- Born: April 3, 1894 Yonkers, New York
- Died: October 7, 1986 (aged 92) Tisbury, Massachusetts
- Education: Harvard Medical School
- Known for: Electrolyte intravenous solutions for treating diarrhea and deydration
- Medical career
- Field: Pediatrics
- Institutions: Massachusetts General hospital
- Awards: John Howland Award (1969)

= Allan Macy Butler =

American physician (1894–1986)

Allan Macy Butler (1894–1986) was an American pediatrician and Chief of the Children's Medical Services at Massachusetts General Hospital and a professor of Pediatrics at Harvard Medical School. A pioneer in health services, Butler sought to change the structure of the American "fee-for-service" system of health care to one based on government-paid medical care for the elderly and low-income people.

== Early life and education ==
Butler was born April 3, 1894, in Yonkers, New York. The son of George Prentice Butler, a stockbroker, he was one of eight children. Butler spent World War I overseas, serving as an artillery officer in the American Expeditionary Forces. Afterward, he served in Poland as part of the Hoover Commission. Butler entered Harvard Medical School in 1922, graduating in 1926.

== Career ==
After graduating in 1926, he worked at the Rockefeller Institute. It was there that he developed an interest in fluid and electrolyte metabolism. During World War II, he worked on life-raft studies conducted by the Office of Scientific Research and Development that led to advancements in treating diarrhea and dehydration.

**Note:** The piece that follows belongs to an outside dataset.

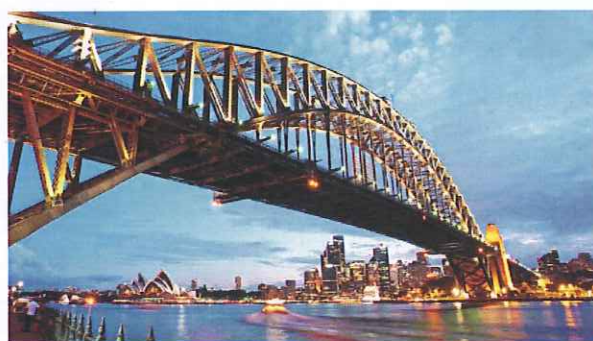
世界からシドニーへ「ロータリー国際大会」(HP)
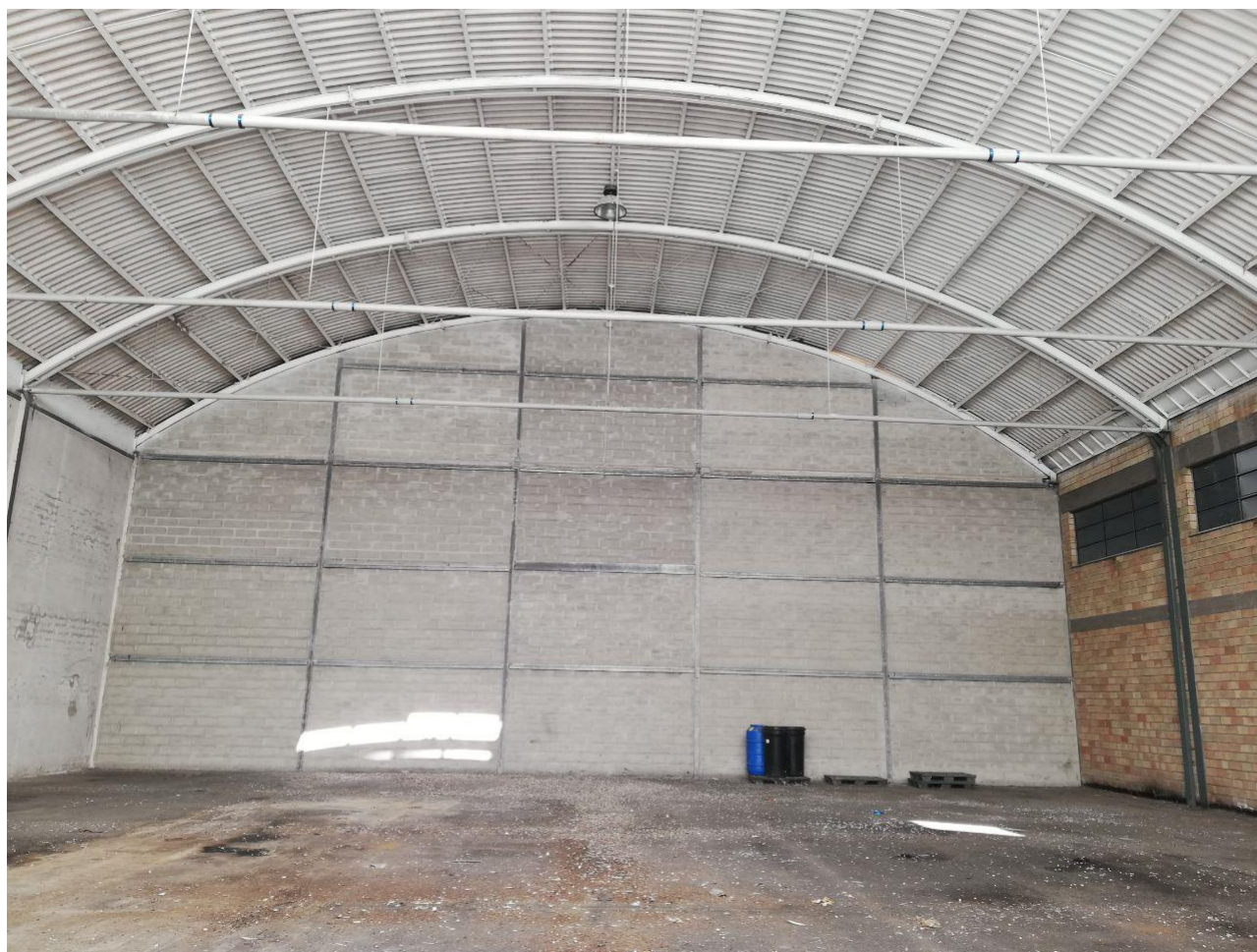
Figura 18 FOGLIO 103 MAPP. 257 SUB 7

In 1929, Butler returned to Harvard as an instructor in pediatrics. He attained the title of Professor of Pediatrics in 1944 and served as Chief of Children's Medical Service and Staff Physician in charge of the Chemical Laboratories at Massachusetts General Hospital. He would remain at these two posts, concurrently, until 1960.

=== Advocacy ===
Butler's advocacy for medical insurance and pre-paid methods of health care embroiled him in the socialized medicine debate. He would also face a loyalty review by the Civil Service Commission Loyalty Review Board. After his trial he provided support in the form of testimony
and letters for colleagues who were being tried under the Subversive Activities Control Act of 1950.

He was a dedicated opponent of the Vietnam War and a supporter of abortion rights, nuclear disarmament, and nonviolent resistance.

== Legacy ==
In 1969, Butler received the American Pediatric Society's highest award, the John Howland Award.

He died at his home in Tisbury, Massachusetts on October 7, 1986.